WHAT TO PRODUCE:
Restate, word for word, the run of lines that starts at the line containing "Our Fresh +" and ends with the final line of the listing. Leave pictures out.

---- AVAILABLE RECORDS

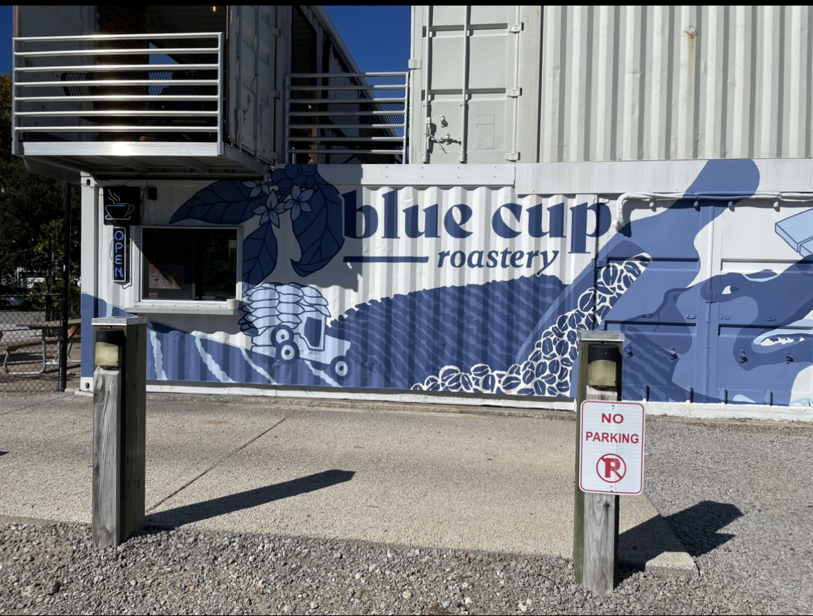 Blue Cup Roastery in Wilmington, NC, is an one for the books. It’s nestled in the unique Cargo District. The entire space is crafted from vibrant shipping containers, creating a modern, industrial vibe that’s both creative and inviting. It’s a one-of-a-kind setting that makes enjoying your coffee even more memorable!
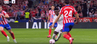 第90+7分钟,补时绝平,科雷亚前插撞射破门,马竞1-1
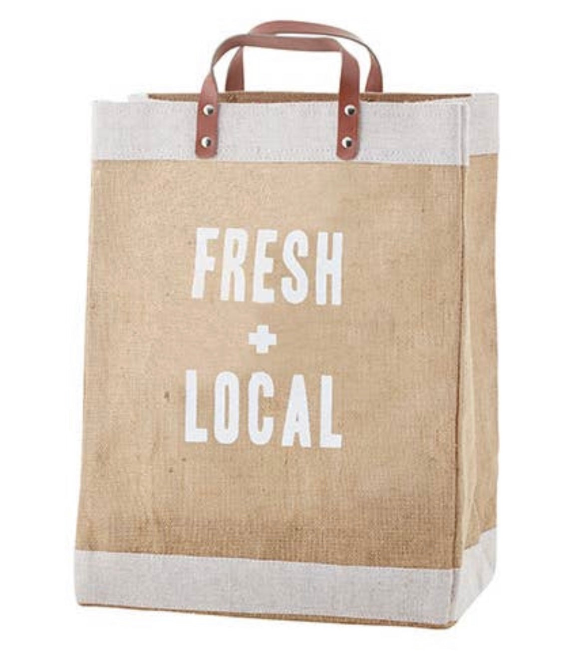 Our Fresh + Local Market Tote Bag is made of jute with genuine leather handles and features a durable waterproof lining. The perfect accessory for a trip to the local grocery or farmer’s market!
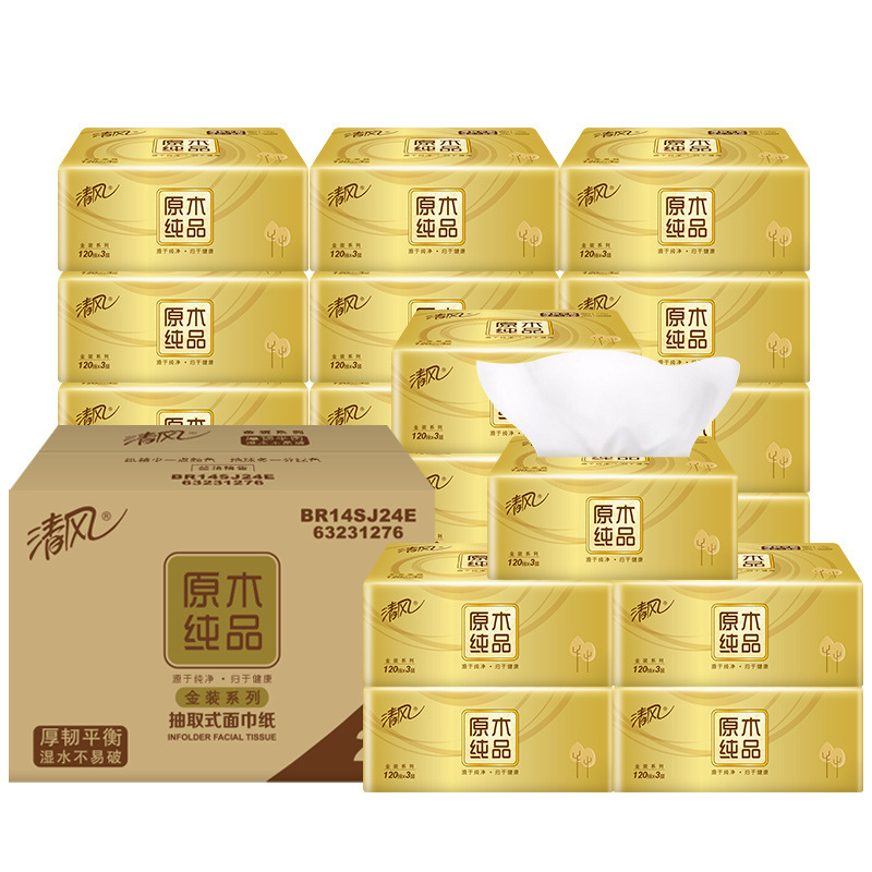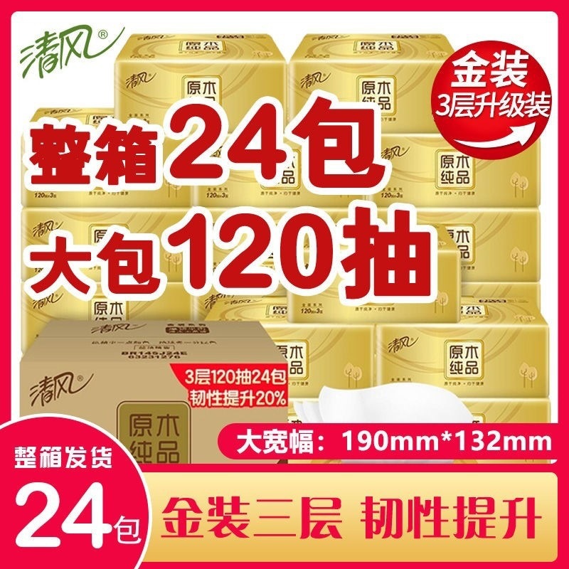 清风抽纸巾原木金装软抽120抽24包面巾纸家用抽纸实惠装箱装批发
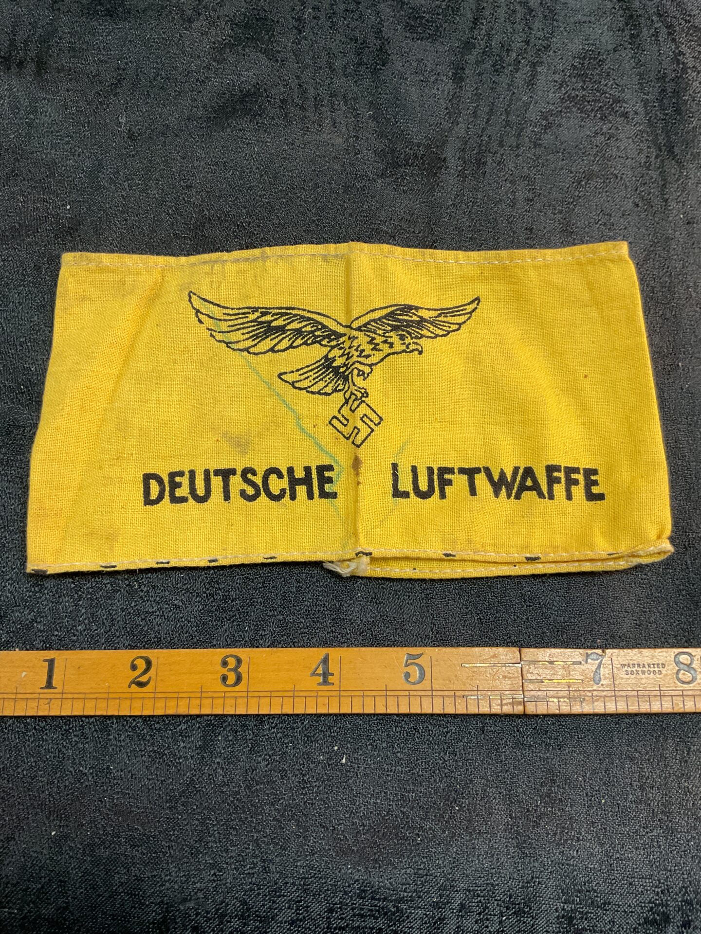 This is a printed cloth armband associated with the German Luftwaffe during World War II. The armband features a printed design, likely indicating a specific role or unit within the Luftwaffe. These armbands were used to identify personnel and denote their function, contributing to the organisation and efficiency of the German air force during the war.
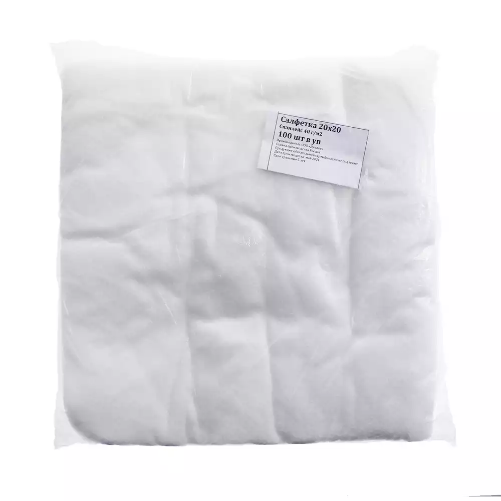 Салфетка 20*20см, материал спанлейс 40г/м2, нестерильная, белая, Эстетика (РОССИЯ), 100 шт

--------

SOLUTION FOR THIS PROBLEM:
 Our Fresh + Local Market Tote Bag is made of jute with genuine leather handles and features a durable waterproof lining. The perfect accessory for a trip to the local grocery or farmer’s market!
 清风抽纸巾原木金装软抽120抽24包面巾纸家用抽纸实惠装箱装批发
 This is a printed cloth armband associated with the German Luftwaffe during World War II. The armband features a printed design, likely indicating a specific role or unit within the Luftwaffe. These armbands were used to identify personnel and denote their function, contributing to the organisation and efficiency of the German air force during the war.
 Салфетка 20*20см, материал спанлейс 40г/м2, нестерильная, белая, Эстетика (РОССИЯ), 100 шт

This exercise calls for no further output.